The submission (left) and graphical layout (right) part of the web interface. In the submission part the user specifies the input file, the format of output files, the logotype and the conditions for the handling of the input data. In the Graphical Layout part, the user customizes the graphical layout of the logo plot; page size, stacks per line, lines per page, colours, bars, rotation of position numbers and title.
Figure 2.
Output from Seq2Logo. The upper panel shows the sequence logo calculated from a set of 13 artificial peptide sequences using the specification defined in Figure 1 (sequence weighting using clustering, pseudo count with a weight of 200 and logotype as Kullback–Leibler). Enriched amino acids are shown on the positive _y_-axis and depleted amino acids on the negative _y_-axis. The lower panel gives the position-specific (log-odds) scoring matrix (PSSM) calculated by Seq2Logo. Each line corresponds to a position and gives the consensus amino acid and the log-odds scores for the 20 amino acids.
Figure 3.
Sequence logos generated from small sequence samples. All logos except the right logo in the lower row were calculated from a set of 13 artificial peptide sequences proposed to bind HLA-A*02:01 (see Figure 1). The upper row shows logos calculated by Seq2Logo using: (i) without sequence weighting and pseudo count correction, (ii) sequence weighting by clustering and no pseudo count correction and (iii) sequence weighting by clustering and pseudo count correction with a weight on prior of 200. The lower row shows logos calculated using: (i) Weblogo with ‘small sample correction’, (ii) EnoLOGOS and (iii) Seq2Logo from a set of 229 HLA-A*02:01 9mer ligands downloaded from the SYFPEITHI database (12) with sequence weighting by clustering and pseudo count correction with a weight on prior of 200.
Figure 4.
The different logotype representations covered by Seq2Logo.

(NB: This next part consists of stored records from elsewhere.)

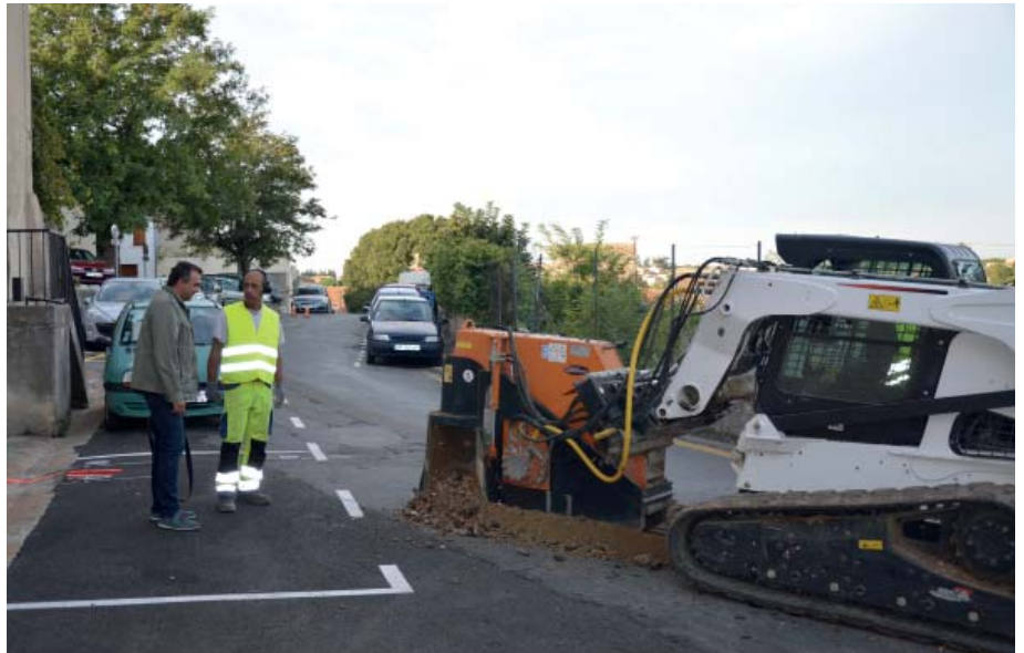
Alain VULTAGGIO, conseiller municipal délégué à la vidéo protection et aux voisins vigilants, en visite sur le chantier

Remplacer le matériel existant, étendre le dispositif et optimiser l'exploitation des images obtenues ; telles sont les mesures qui visent à mieux protéger nos concitoyens et leurs biens, par un système véritablement opérationnel 24h/24 et 7j/7.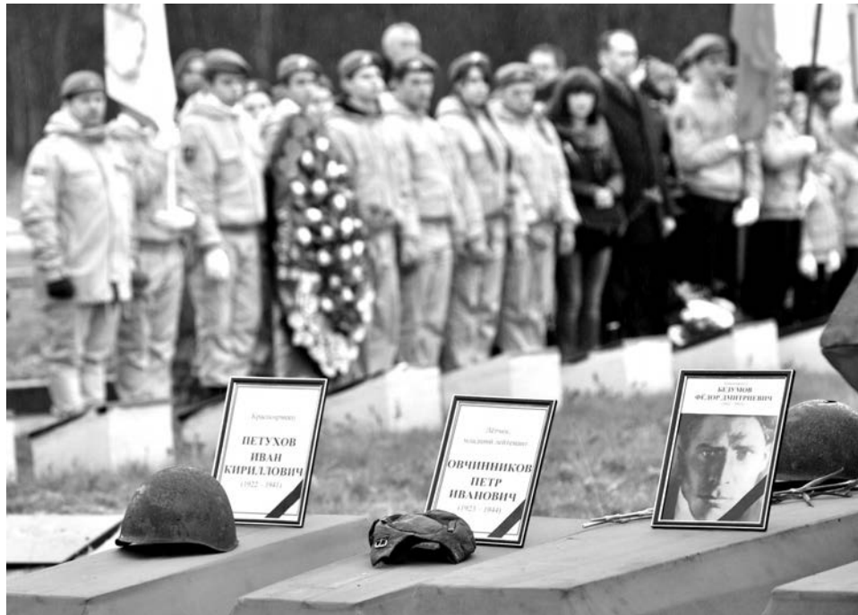
Североморская делегация, в которую входят и поисковики, ежегодно принимает участие в торжественном захоронении бойцов в Долине Славы.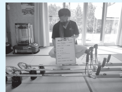
▶ 広ヶ野町内会 (一般コミュニティ助成事業) コミュニティ活動に使用するテント、草刈機などを整備しました。

宝くじの社会貢献広報事業として行われているコミュニティ助成事業の助成金により、本年度は2団体が活動用備品を整備しました。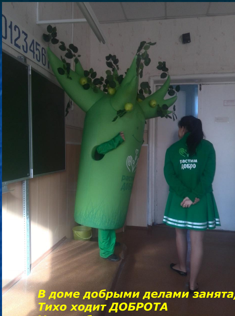
В доме добрыми делами занята, Тихо ходит ДОБРОТА Утро доброе у нас Добрый день и добрый час!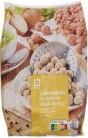
016-0200-011 Boni Soepballetjes € 8,40 1 KG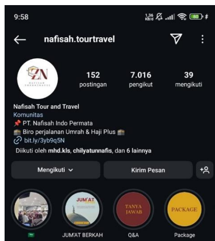
Gambar 2. Akun Instagram Nafisah Tour Travel

Tahap kedua merupakan tahap pelaksanaan yang adalah inti dari program pengabdian masyarakat, yang mana mahasiswa mengaplikasikan teori desain grafis yang telah diajarkan dalam perkuliahan. Desain grafis menurut Dewojati (2009) mempunyai 3 fungsi dasar yaitu, (1) identifikasi, (2) instruksi dan informasi, dan (3) promosi dan presentasi. Dalam tahap ini, mahasiswa diberi kebebasan untuk membuat desain konten apapun asalkan memiliki keterkaitan dengan ibadah umrah dan haji. Pengalaman langsung dalam dunia industri ini memberikan tantangan tersendiri bagi mahasiswa untuk mendorong kemampuan berpikir kreatif dan kritis dalam menghasilkan sebuah desain konten yang menarik.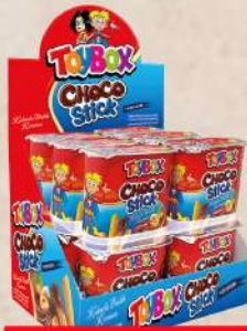
TOY BOX CHOCO STICK 56G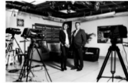
Colcable TV COMUNITARIA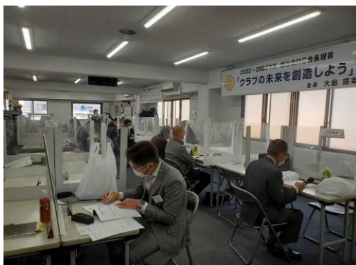
各委員長が半期を振り返っています。

クラブ協議会では、上半期の実施報告に加え、まだ取り組めていないことを中心に発表がされました。大島年度も残すところあと半分。下期には悔いのないように意思表示を行いました。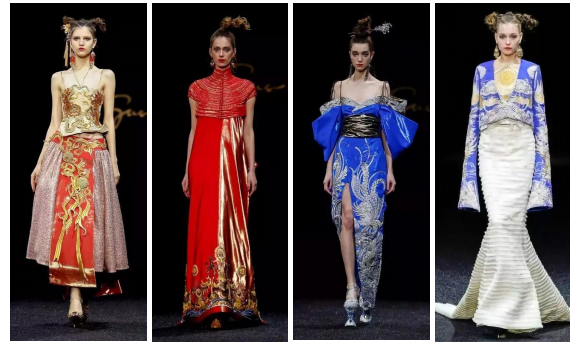
그림15 그림16 그림17 그림18

의 의상은 기본적으로 A형 실루엣과 H형 실루엣을 사용하고, 컬렉션 전반에 사용한 기법으로는 자수, 판금 등을 활용하였다.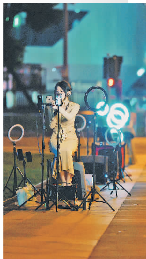
▲夜晚,在花果园兰花广场上,进行直播的年轻人。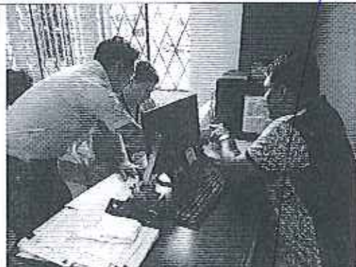
Ilustración 7. Verificación de información en el GADM de Loreto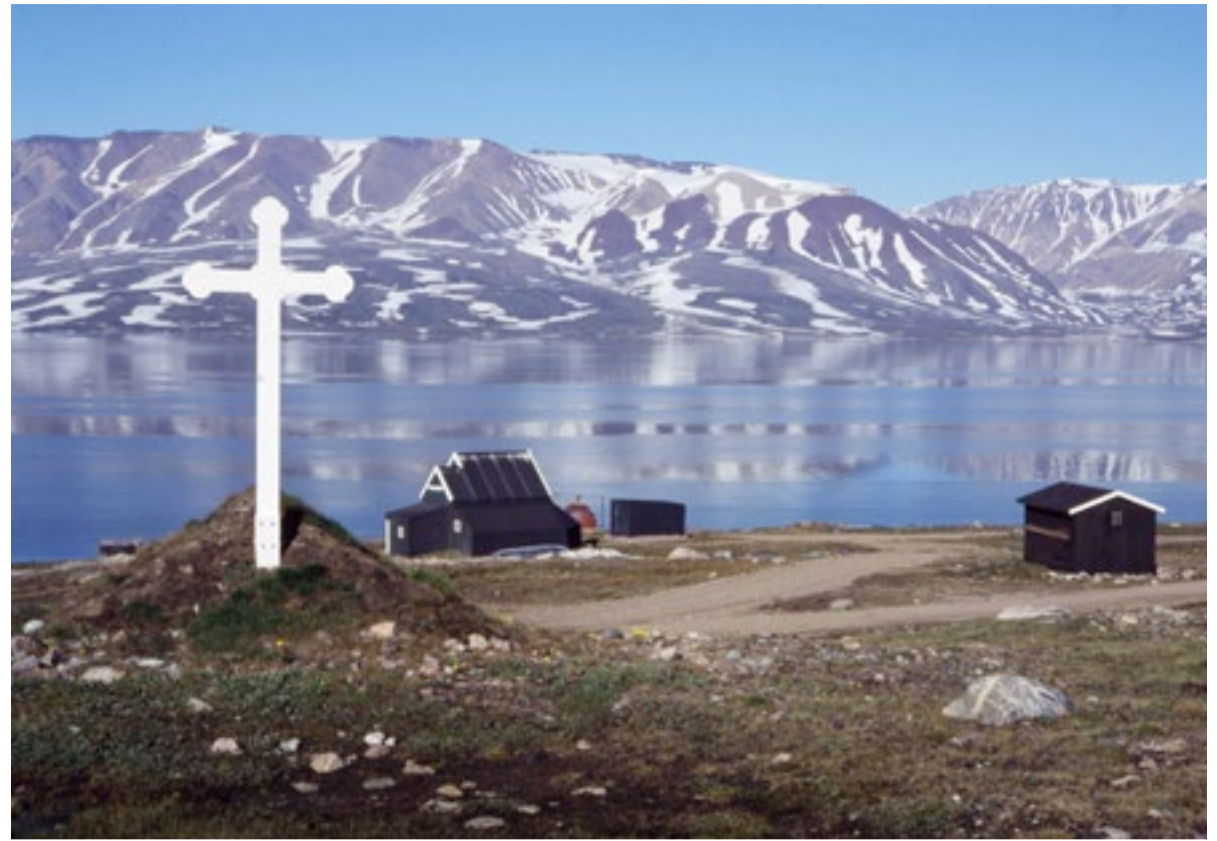
Eli Knudsenip Sandoddenimi, Siriusip ullumikkut qullersaqarfiani, ilerra.

Ritters dilemma er, at han risikerer dødsstraf og repressalier mod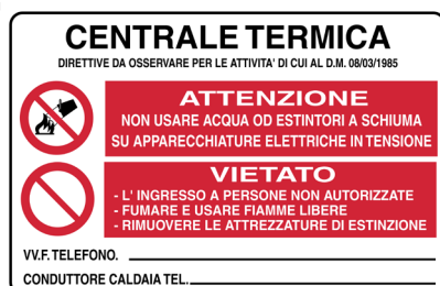
CARTELLO IN ALLUMINIO AVVERTENZE CENTRALE TERMICA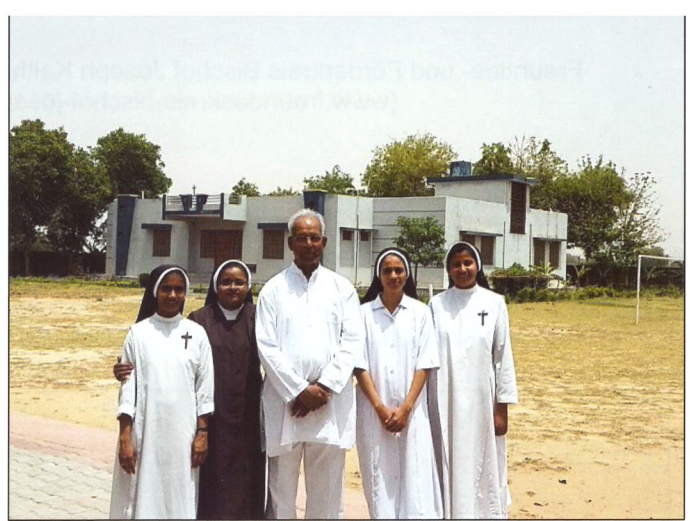
Klosterschwestern des Ordens: „Institute of our Lady of Carmel“. Die Schwestern unterrichten in der St. Pius School.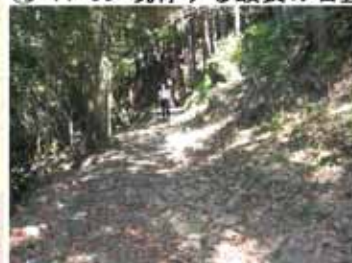
⑬ 12:15 金魚茶屋跡でやっと昼食 (途中はトイレが無かったので)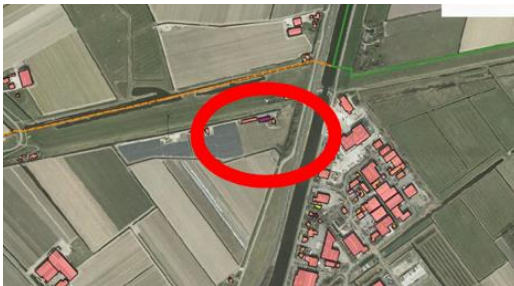
Parallelweg 't Zand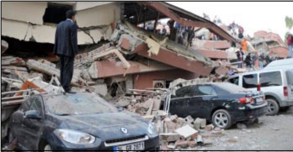
Թուրքիայ մէջ տեղի ունեցած երկրաշարժի պատճառաւ փլատակ շէնք մը

Վանի մէջ տեղի ունեցած երկրաշարժին պատճառաւ, բազմաթիւ երկիրներու շարքին Հայաստան եւս օգնութիւն առաջարկած է Թուրքիային, սակայն արժանացած է մերժումի: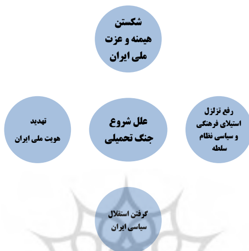
نمودار ۲- مدل مفهومی علل شروع جنگ تحمیلی

سؤال فرعی اول: علل شروع جنگ تحمیلی رژیم بعثی عراق علیه جمهوری اسلامی ایران، کدامند؟ در پاسخ به این سؤال نیز شش علت برای شروع جنگ تحمیلی دشمنان با عاملیت مستقیم رژیم بعثی عراق علیه جمهوری اسلامی ایران در بخش ادبیات نظری با الهام از روایات دفاع مقدس تبیین گردید که مدل مفهومی این بحث نیز در نمودار زیر نمایان می‌گردد: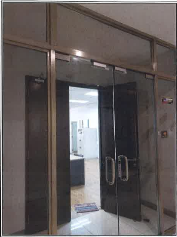
View of the entrance to the Property.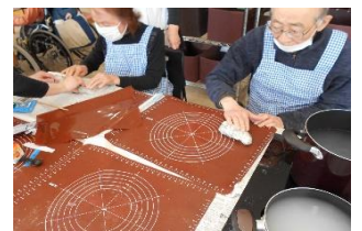
初めてのやしょうま作りに 真剣な表情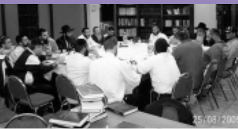
По пустынным улицам города носится "Катерина", а в Центре Хабада гости внимательно слушают раввина. Тьма опустилась над египтом, а в жилищах евреев был свет.

Sequence logos generated from at set of 13 artificial peptide sequences proposed to bind HLA-A*02:01 (see Figure 1). All logos were calculated using clustering and pseudo counts with a weight on prior at 200. Upper row, left panel: Shannon, right panel: Kullback–Leibler. Lower row left panel: weighted Kullback–Leibler, right panel: probability weighted Kullback–Leibler.
Figure 5.
PSSM-logo for the N-linked glycosylation motif. The motif was calculated from a set of 2128 unique experimentally verify N-glycosylation sites downloaded from the UniprotKB protein database. Only peptide fragments of length 11 (5 before and 5 after the N) were included in the analysis.
Figure 6.
Seq2Logo visualization of a Blast sequence profile for 1K7C chain A. The Blast profile was obtained using Blast2logo (
www.cbs.dtu.dk/biotools/Blast2logo
(14 May 2012, date last accessed)) searching against the nr70 sequence database with default options. The active site of 1K7C:A is defined by the residues S9, G42, N74, D192 and H195 (13). All these residues show up as highly conserved in the sequence logo.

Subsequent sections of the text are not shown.